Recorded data
◇ ◇ ◇

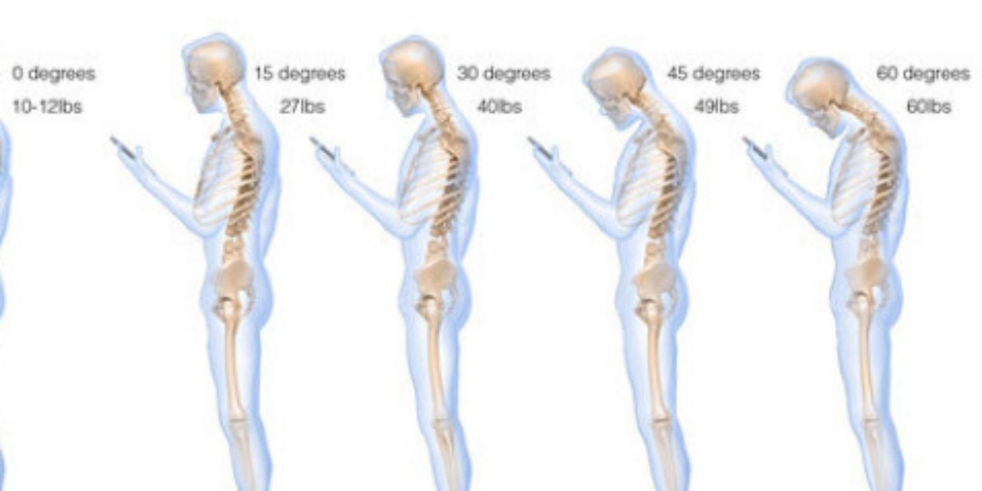 “À medida que a cabeça se inclina para a frente as forças visto pelo pescoço sobe para 12kg a 15 graus, 18 kg a 30 graus, 22 kg a 45 graus, e 27 kg a 60 graus”, escreveu Hansraj. Segundo a Health, além do uso das redes sociais, as pessoas passam de duas a quatro horas por dia com a cabeça apontada para baixo, geralmente lendo textos ou usando aplicativos. Em um ano, estamos falando de 700 a 1.400 horas de peso em excesso sobre o pescoço.
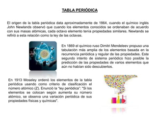 Este documento presenta una introducción a la tabla periódica, incluyendo su historia, organización, clasificación y propiedades periódicas. Explica que la tabla periódica ordena los elementos de acuerdo a su número atómico y propiedades recurrentes. Describe las características de los periodos, grupos y bloques, y cómo varían propiedades como los radios atómicos, energía de ionización y electronegatividad a través de la tabla.
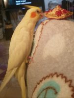 She has a slight bald spot under her mohawk. Has gray/brown eyes.
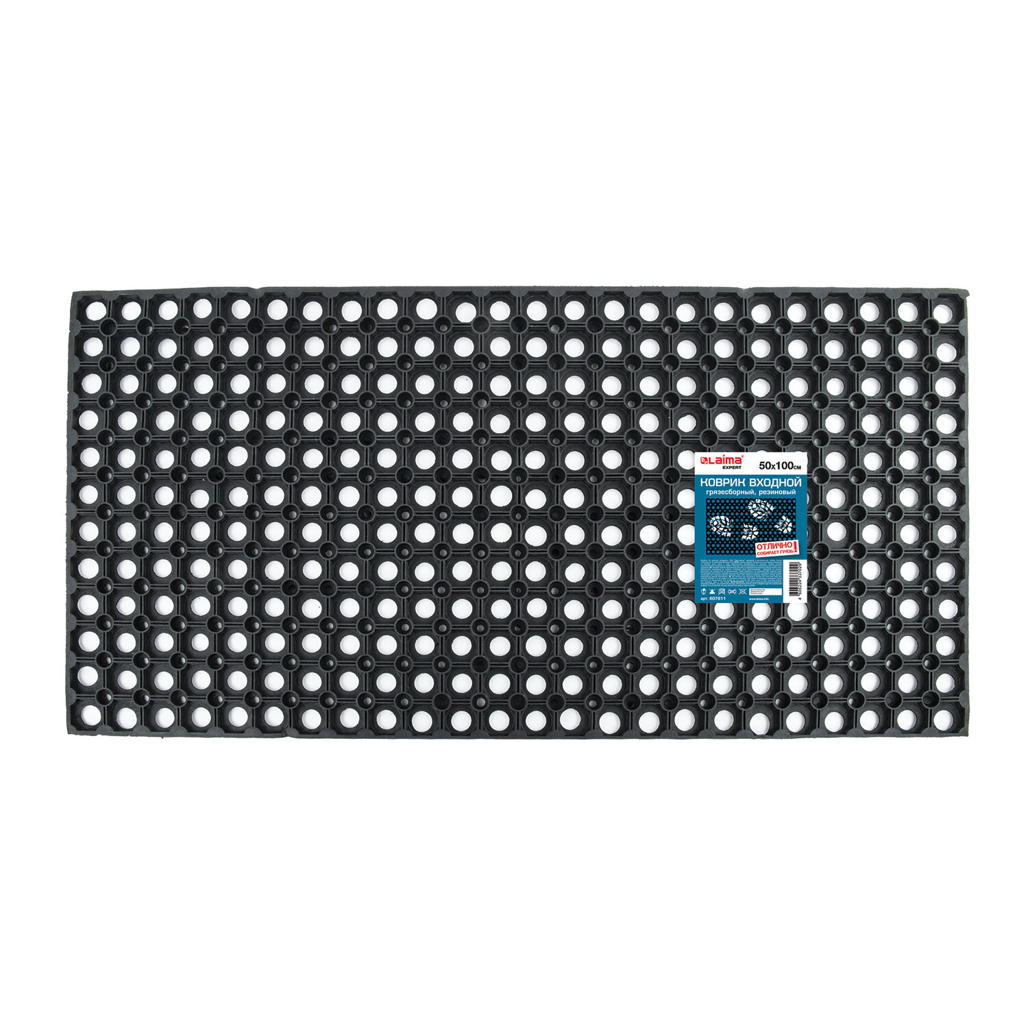Коврик входной резиновый грязесборный ячеистый LAIMA EXPERT. Крупноячеистое резиновое покрытие защищает помещение от уличной грязи. Служит препятствием для песка и крупной грязи. Идеально размещать в зонах перед ворсовыми коврами. Толщина коврика равна 16 мм. Размер - 50х100 см. Цвет - черный.
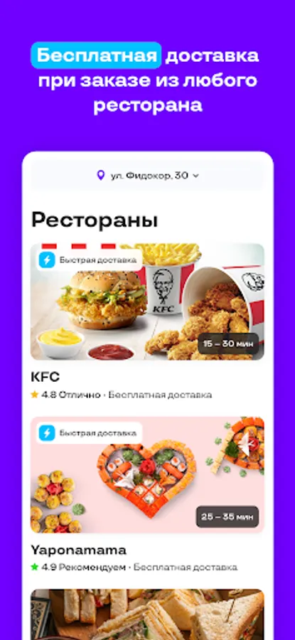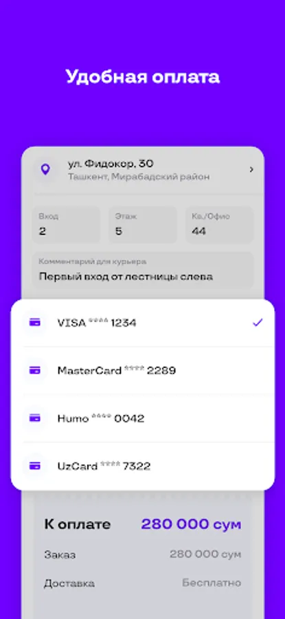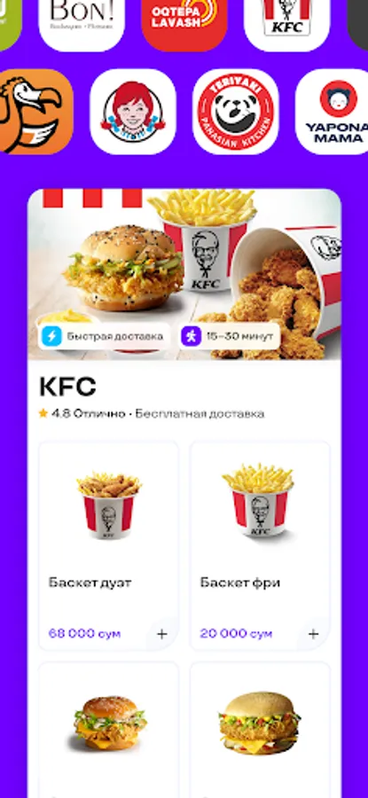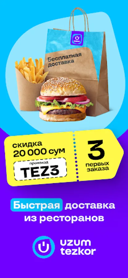 A new service for fast food delivery from cafes and restaurants from the Uzum ecosystem. Ready meals for breakfast, lunch and dinner delivered to your home and office. Do you want a delicious KFC chef burger, a Broccoli lunch or cheesecakes from the Cheese Factory? Order delivery - we will bring it quickly and free of charge directly to your door.
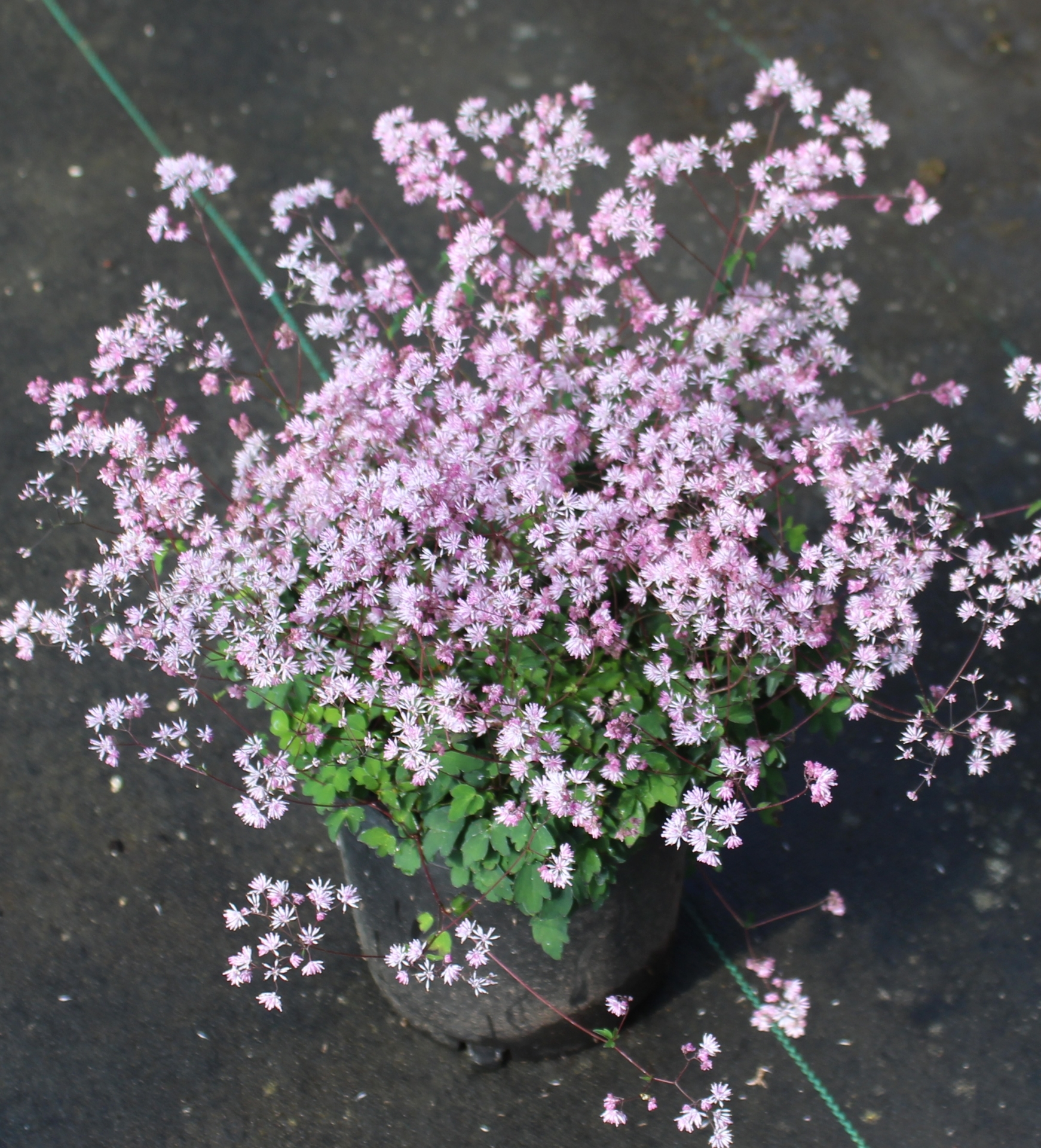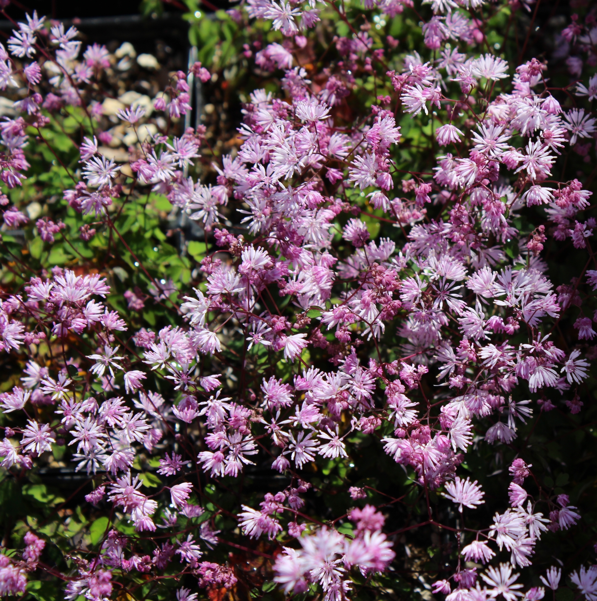 Covered with clusters of ½" mauve-pink puff ball flowers, all stamens, above mats of dark green foliage. Great for rock gardens, troughs and the front of a border.

◇ ◇ ◇

● **Requirement**:
Copy out the records exactly. Do not include the pictures.

● **Response area**:
 “À medida que a cabeça se inclina para a frente as forças visto pelo pescoço sobe para 12kg a 15 graus, 18 kg a 30 graus, 22 kg a 45 graus, e 27 kg a 60 graus”, escreveu Hansraj. Segundo a Health, além do uso das redes sociais, as pessoas passam de duas a quatro horas por dia com a cabeça apontada para baixo, geralmente lendo textos ou usando aplicativos. Em um ano, estamos falando de 700 a 1.400 horas de peso em excesso sobre o pescoço.
 Este documento presenta una introducción a la tabla periódica, incluyendo su historia, organización, clasificación y propiedades periódicas. Explica que la tabla periódica ordena los elementos de acuerdo a su número atómico y propiedades recurrentes. Describe las características de los periodos, grupos y bloques, y cómo varían propiedades como los radios atómicos, energía de ionización y electronegatividad a través de la tabla.
 She has a slight bald spot under her mohawk. Has gray/brown eyes.
Коврик входной резиновый грязесборный ячеистый LAIMA EXPERT. Крупноячеистое резиновое покрытие защищает помещение от уличной грязи. Служит препятствием для песка и крупной грязи. Идеально размещать в зонах перед ворсовыми коврами. Толщина коврика равна 16 мм. Размер - 50х100 см. Цвет - черный.
 A new service for fast food delivery from cafes and restaurants from the Uzum ecosystem. Ready meals for breakfast, lunch and dinner delivered to your home and office. Do you want a delicious KFC chef burger, a Broccoli lunch or cheesecakes from the Cheese Factory? Order delivery - we will bring it quickly and free of charge directly to your door.
 Covered with clusters of ½" mauve-pink puff ball flowers, all stamens, above mats of dark green foliage. Great for rock gardens, troughs and the front of a border.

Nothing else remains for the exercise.